• [Aim of the task]
Would you write out the lines below exactly, from the one containing "3月16日に、今年度最後の考" to the very last, but without the pictures?

• [Information provided]
....................
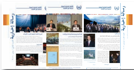
رسالة إخبارية - جمعية الدول الأطراف

٢٠٠٩ - رقم ٢٠١ ٢٠١٠ - رقم ٢٠٤ ٢٠١١ - رقم ٢٠٦
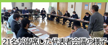
21名が出席した代表者会議の様子

3月16日に、今年度最後の考える会代表者会議を開催しました。会議では、現在までの利用状況及び収支の確認のほか、今回の試験運行の総括として、良かった点や今後の課題について意見交換しました。
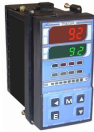
TH 92MS 48 x 96 x 80 mm
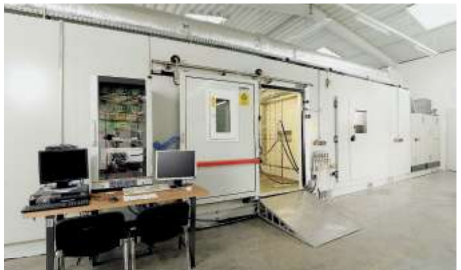
Soufflerie: détermination du rendement thermique des systèmes de refroidissement volumineux

Un ensemble de bancs d'essais permettent de vérifier en pratique les données thermiques et les propriétés mécaniques calculés.
....................
• [Written solution]
3月16日に、今年度最後の考える会代表者会議を開催しました。会議では、現在までの利用状況及び収支の確認のほか、今回の試験運行の総括として、良かった点や今後の課題について意見交換しました。
TH 92MS 48 x 96 x 80 mm
Soufflerie: détermination du rendement thermique des systèmes de refroidissement volumineux

Un ensemble de bancs d'essais permettent de vérifier en pratique les données thermiques et les propriétés mécaniques calculés.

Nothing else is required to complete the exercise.